With the gold standard, a dollar bill was worth $1 in gold. As the price of gold goes up, your $1 bill buys less and less gold. You still are losing ground.

With a bed economy, people horde their valuables, gold and dollar bills. No-one can spend anything.

The government wants to help out by making money available to loan out. With a gold standard, it can’t print additional money. Without a gold standard, it can just print up some money and send it to banks telling them to loan it at x%.

People now have access to extra money which they borrow and spend on things. Since people are now buying stuff, businesses can sell things [and make money], businesses order stuff from factories, which need to hire people to make it. These people earn wages and repay their loans. The economy is good again.

The downside is that the government can print up so much money that it becomes worthless. The Federal Reserve works to control the interest rate so it can control how much money is in circulation. You need enough so people will spend it, but not too much.

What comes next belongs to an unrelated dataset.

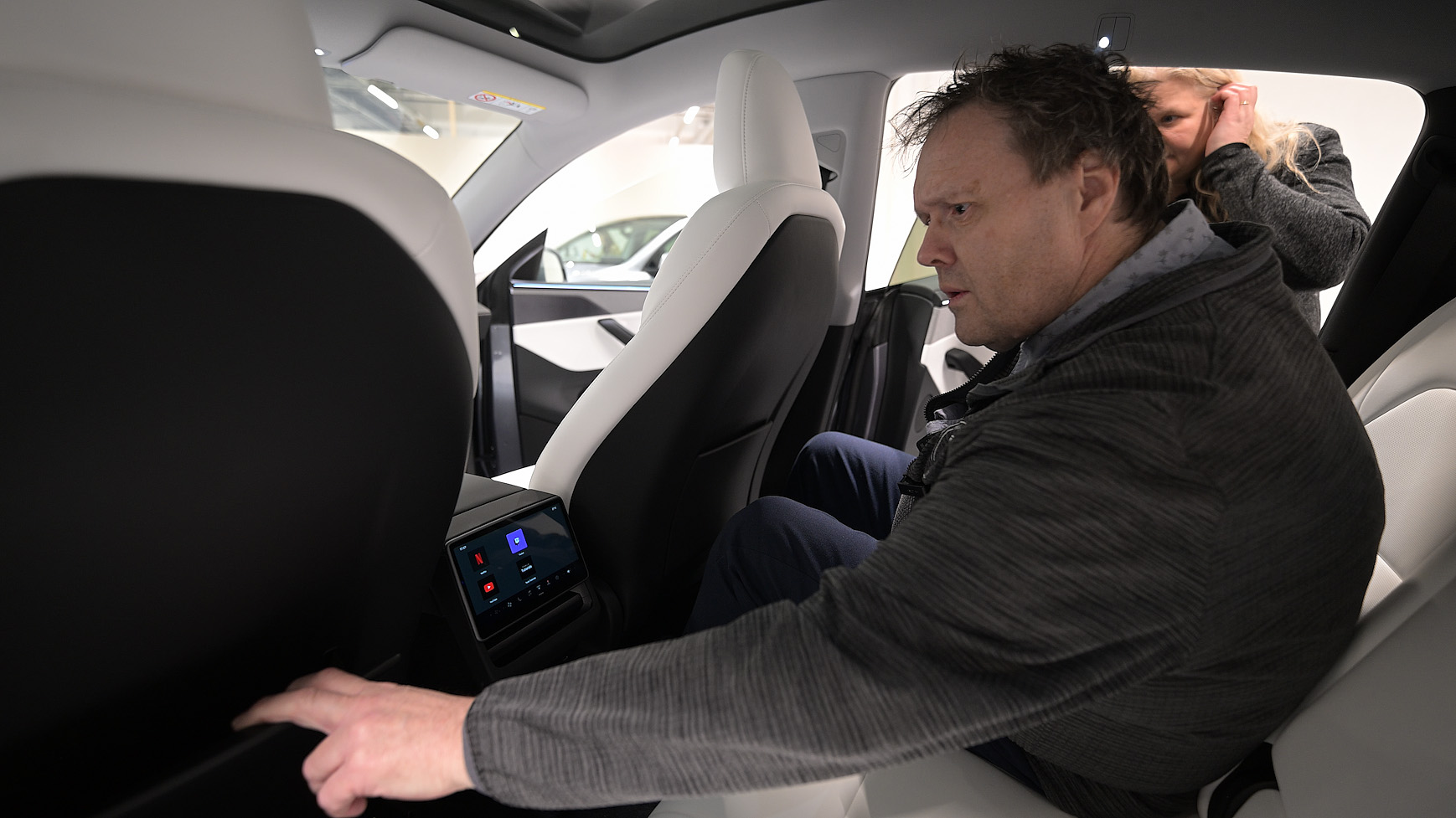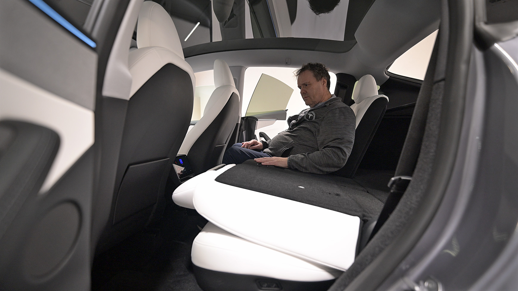 Passasjerer i baksetet vil kunne glede seg over en helt ny reiseopplevelse, der det har kommet inn en 8’’ berøringsskjerm bak. Denne har integrert klimakontroll samt underholdningsalternativer, inkludert spill, lyd og videostrømming. Skjermen støtter også tilkobling til to separate Bluetooth-enheter, slik at passasjerer kan velge mellom ulike mediaalternativer. Den inkluderer også et kraftig ladesystem med 65W doble USB-C-uttak, som kan lade to bærbare datamaskiner samtidig.

Boris: I believe the Federal Reserve System was instituted in 1916 or so, but I will check up on it.
Starfish: Thank you for the info. I’ve never heard the basis against a backed economy, but it makes much more sense that way. I’m not much for govt regulation of the economy, but I think I might have to concede this one. :slight_smile:


“I hear the mermaids singing, each to each. I do not think that they will sing to me.” -T.S. Eliot

In brief, the gold standard was set up because no one trusted paper money. As others pointed out, the temptation was to print as much as the stuff as you can, creating inflation and making it worthless. The U.S. had bad experiences with paper money during the Revolution and the Civil War, when they had to print money to pay their debts.

Paper money is based on trust. In order to create trust, the government hit upon the idea of backing their bills with the equivalent amount of gold or silver. In theory, you could redeem these gold or silver certificates for the metal itself. This allowed the government to use paper money and ensure that people had confidence they could use it to pay their debts.

As time went on, people grew used to using paper money. In addition, economics began to realize that unlimited printing of paper money was a Bad Idea. The government refrains from printing extra money because everyone knows that inflation results. It’s a balancing act, however, which is why we have Alan Greenspan.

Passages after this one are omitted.